(Data entries)

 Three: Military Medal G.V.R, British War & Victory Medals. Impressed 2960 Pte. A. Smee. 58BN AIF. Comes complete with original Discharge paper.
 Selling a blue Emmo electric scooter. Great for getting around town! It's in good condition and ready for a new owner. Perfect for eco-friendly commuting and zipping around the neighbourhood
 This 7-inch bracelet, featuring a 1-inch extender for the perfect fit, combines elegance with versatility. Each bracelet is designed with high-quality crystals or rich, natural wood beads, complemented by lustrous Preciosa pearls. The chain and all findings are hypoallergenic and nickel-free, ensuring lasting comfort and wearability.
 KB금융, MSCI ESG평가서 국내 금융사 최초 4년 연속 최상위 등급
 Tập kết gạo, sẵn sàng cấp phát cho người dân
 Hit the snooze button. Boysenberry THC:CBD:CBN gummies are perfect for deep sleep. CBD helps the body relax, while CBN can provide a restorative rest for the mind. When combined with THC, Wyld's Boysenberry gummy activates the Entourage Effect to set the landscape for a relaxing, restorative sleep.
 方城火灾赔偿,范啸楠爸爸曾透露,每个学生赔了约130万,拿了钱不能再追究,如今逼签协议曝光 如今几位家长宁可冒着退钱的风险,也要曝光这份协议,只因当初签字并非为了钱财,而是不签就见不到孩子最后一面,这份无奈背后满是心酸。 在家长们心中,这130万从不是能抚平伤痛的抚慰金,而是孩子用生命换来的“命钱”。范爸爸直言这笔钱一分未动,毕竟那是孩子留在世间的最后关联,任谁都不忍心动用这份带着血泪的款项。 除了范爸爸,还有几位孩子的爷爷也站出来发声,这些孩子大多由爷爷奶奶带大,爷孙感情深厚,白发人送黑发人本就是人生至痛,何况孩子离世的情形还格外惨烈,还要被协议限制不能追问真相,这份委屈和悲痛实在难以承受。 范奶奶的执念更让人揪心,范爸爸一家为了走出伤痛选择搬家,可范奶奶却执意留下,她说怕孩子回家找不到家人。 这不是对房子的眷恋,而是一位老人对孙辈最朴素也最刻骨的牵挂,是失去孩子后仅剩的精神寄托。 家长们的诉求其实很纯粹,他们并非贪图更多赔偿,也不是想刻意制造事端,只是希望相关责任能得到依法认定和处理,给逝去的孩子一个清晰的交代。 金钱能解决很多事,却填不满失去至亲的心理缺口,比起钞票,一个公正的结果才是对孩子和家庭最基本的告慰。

> Your task:
Would you print exactly the lines from the first line of the entries above through the line that has "Selling a blue", both included, and stop there?

> Answer area:
 Three: Military Medal G.V.R, British War & Victory Medals. Impressed 2960 Pte. A. Smee. 58BN AIF. Comes complete with original Discharge paper.
 Selling a blue Emmo electric scooter. Great for getting around town! It's in good condition and ready for a new owner. Perfect for eco-friendly commuting and zipping around the neighbourhood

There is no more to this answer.